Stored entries
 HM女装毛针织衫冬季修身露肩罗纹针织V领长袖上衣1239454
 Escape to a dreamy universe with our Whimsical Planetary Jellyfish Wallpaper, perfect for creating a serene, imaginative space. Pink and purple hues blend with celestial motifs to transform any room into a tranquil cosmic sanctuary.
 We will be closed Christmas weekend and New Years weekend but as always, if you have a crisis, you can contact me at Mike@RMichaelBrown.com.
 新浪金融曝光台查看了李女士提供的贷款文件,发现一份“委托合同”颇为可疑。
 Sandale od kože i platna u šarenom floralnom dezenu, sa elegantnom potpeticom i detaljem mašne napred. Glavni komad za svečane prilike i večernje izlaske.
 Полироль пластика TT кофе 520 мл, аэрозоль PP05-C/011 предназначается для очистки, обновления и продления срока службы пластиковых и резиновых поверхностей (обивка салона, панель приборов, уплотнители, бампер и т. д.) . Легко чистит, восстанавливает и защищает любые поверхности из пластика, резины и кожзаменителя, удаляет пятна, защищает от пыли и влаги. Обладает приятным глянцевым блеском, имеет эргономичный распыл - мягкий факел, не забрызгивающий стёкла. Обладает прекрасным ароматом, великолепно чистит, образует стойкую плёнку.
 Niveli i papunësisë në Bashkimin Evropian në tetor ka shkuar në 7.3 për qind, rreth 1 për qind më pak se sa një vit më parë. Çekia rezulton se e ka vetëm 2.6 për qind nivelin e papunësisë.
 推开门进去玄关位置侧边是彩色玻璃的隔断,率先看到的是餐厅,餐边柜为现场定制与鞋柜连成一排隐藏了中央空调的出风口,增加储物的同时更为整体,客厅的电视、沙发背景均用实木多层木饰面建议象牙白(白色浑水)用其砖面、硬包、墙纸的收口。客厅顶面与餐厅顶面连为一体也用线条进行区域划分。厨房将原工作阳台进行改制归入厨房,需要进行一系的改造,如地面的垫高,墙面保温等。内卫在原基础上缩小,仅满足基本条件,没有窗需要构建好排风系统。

What is needed »
Give an exact copy of the lines above, from the top of the records to the line that contains "Sandale od kože", taking in both ends.

Response for this exercise »
 HM女装毛针织衫冬季修身露肩罗纹针织V领长袖上衣1239454
 Escape to a dreamy universe with our Whimsical Planetary Jellyfish Wallpaper, perfect for creating a serene, imaginative space. Pink and purple hues blend with celestial motifs to transform any room into a tranquil cosmic sanctuary.
 We will be closed Christmas weekend and New Years weekend but as always, if you have a crisis, you can contact me at Mike@RMichaelBrown.com.
 新浪金融曝光台查看了李女士提供的贷款文件,发现一份“委托合同”颇为可疑。
 Sandale od kože i platna u šarenom floralnom dezenu, sa elegantnom potpeticom i detaljem mašne napred. Glavni komad za svečane prilike i večernje izlaske.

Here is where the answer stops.